【ミラノ=小笠原拓郎】27年春夏ミラノ・メンズファッションウィークは、ここ数シーズンと同じようにショーの数は限られ、プレゼンテーションでの発表が目立つ。しかし、ショーでなければ感じられないものがあるのも事実だ。シチリア、日本、英国、それぞれのオリジンを背景にしたテーラーリングが充実した。

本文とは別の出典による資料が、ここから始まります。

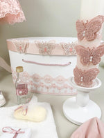 Toate aceste elemente sunt ambalate cu grija intr-o cutie alba si spatioasa, personalizata cu dantela subtila si fluturasi, menita sa pastreze amintirea acestei zile deosebite.

ドルチェ&ガッバーナのショー会場にはシチリアの島の映像が映し出される。そこに登場するのはリゾートを背景にしたリラックスしたエレガンス。デザイナーデュオのルーツでもあるシチリアの文化を背景にしたコレクションだ。
メッシュシャツにショートパンツ、エスパドリーユにサンダル。カットワークレースのジャケットやシャツは南イタリアの繊細な手仕事のイメージだ。

黒と白のシチリアらしい色使いのスタイルから、コーラルやトパーズのような色へと変化していく。たくさんのビジュー刺繍のジャケットやデニムパンツ、シチリア陶器に描かれるレモンやオレンジの柄のシャツ、絵はがきをプリントしたシャツもある。シチリアの伝統を背景にしながら程良くコマーシャルな要素も垣間見える。